During the pandemic, they lost the daily meal contracts they had with corporates. And the only thing that saved them is their Instagram profile, which picked up over the last six months. "Social media and word of mouth are probably the two most critical marketing tools in the food business, more so in a small business. People writing honest reviews if they like the food, reposting, sharing stories - all those things go a long way," says Daniel. Before the lockdown, they had 500 Instagram followers, a number which has grown to 2000 today.

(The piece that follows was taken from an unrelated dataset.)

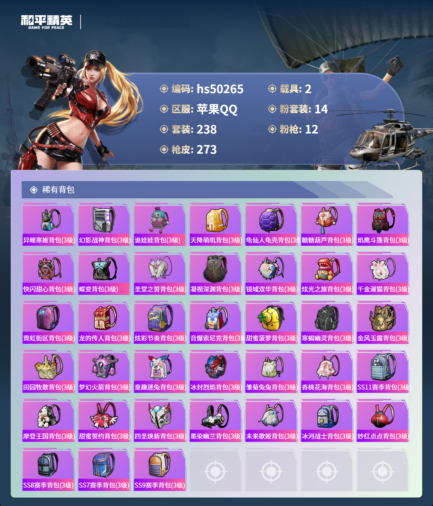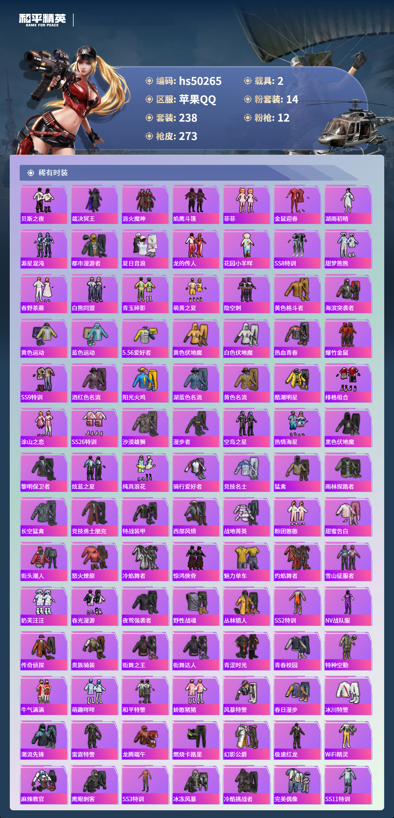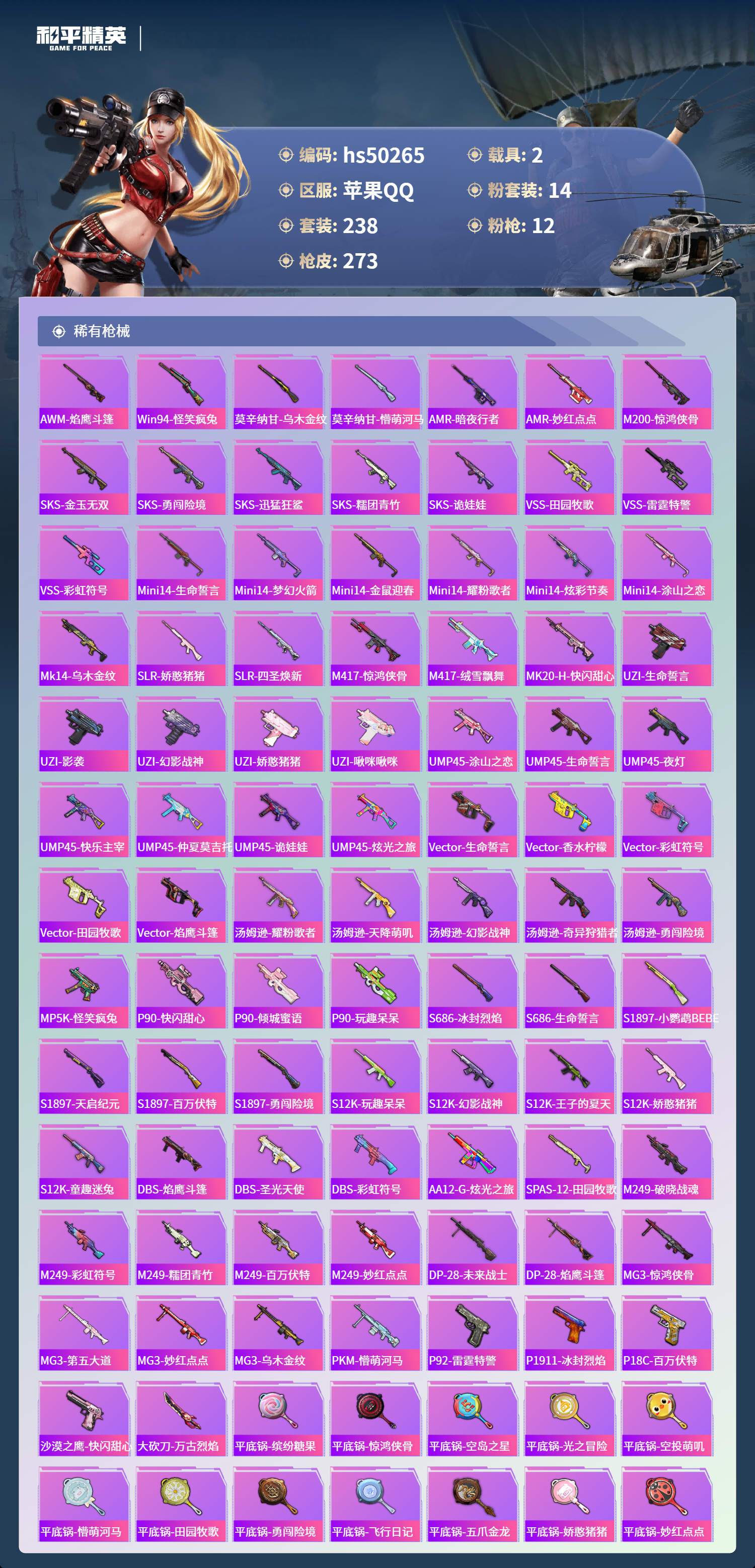 hs50265 苹果手q-9王牌印记-14粉装-12特效呛-2载具-95145热力值-238套装-273呛皮-5卓越印记-2传奇印记【14粉装】套装-冰霜白皇套装-第五大道角色-复仇流浪者套装-放客神游时空协奏·火花套装-炙焰红王套装-未来歌姬角色-月影灵韵角色-光极星套装-傲雪凌霜套装-智能音符套装-幻影战神套装-梦幻火箭套装-快乐主宰【12特效呛】scar-l-锦

They are looking forward to winning back corporate contracts and are working towards the restaurant space. "After having worked in hotels and restaurants, the end game is to have your own restaurant. I don’t know how long it will take, but we’re definitely getting closer to opening one that will feature all of our favourite Big Js food," he says.
For Rhea Devaney, baking was a hobby-turned side-gig during college. After a three-year stint in banking, she took the leap into entrepreneurship in the middle of the lockdown this year, when she was baking for friends and family during Easter.
Based in Bangalore, BakeRee primarily offers Fro-Dough ™, a ready-to-bake frozen cookie dough that bakes in less than 15 minutes straight out of your freezer. "The Fro-Dough ™ model is very helpful for those who want to bake but do not necessarily know how to, or want to dodge the hours that go into it (especially the clean up after!)," says Rhea.
Rhea says that social media has been pivotal in helping her reach a large demographic in the most cost-effective way. She believes small businesses need all the bolstering they can get in order to reach their full potential and possibly contribute to society and the economy at large. "When you buy from a small business, you help them benefit but when you gift it to someone, you do so twice over."
Customer receptiveness has been the support that BakeRee needs. People have been very receptive to the concept (and we know a lot of baking has gone down during this pandemic). Fro-Dough ™ has even travelled as far as Mumbai and Delhi. Today, they cater to over 600 customers. "We're looking to make our way into many more bellies. How can you help? Speak about what you love. Word of mouth is powerful and goes a long way," says Rhea.
In 2019, Harpreet Pahwa, a graphic designer, and Suhasini Penna, an architect, saw the need for well-designed stationery in the market. Their mutual love for stationery made them take the leap of faith to start Ninegram. Based in Noida and Mumbai, Ninegram is a premium stationery brand that designs and manufactures stationery and desk accessories.
In the last six months, when their business was hit hard, adopting digital and customer support took them a long way. They took this opportunity to show their users how their products can be used creatively by conducting tutorials, journaling workshops and blogs. This led to an increase in order volume and got them an engaging audience organically on social media.
Harpreet says that customer support is essential as it gives them a much-needed boost in challenging times, and makes them believe that their efforts are acknowledged. “Unlike big companies, because we are self-funding the entire journey, any feedback, review and engagement on social media and Google is much appreciated. We love it when our customers write back to us, from praise to feedback, to simply knowing how using Ninegram stationery has given them joy.”
Today, they ship pan-India and cater to around 1,000 customers. “We plan to keep growing and have more bespoke and tastefully-designed stationery available to a wider audience,” says Suhasini.
When you support a small business, you're supporting a big dream. Let’s pledge to #MakeSmallStrong today, so that they can bounce back stronger than ever.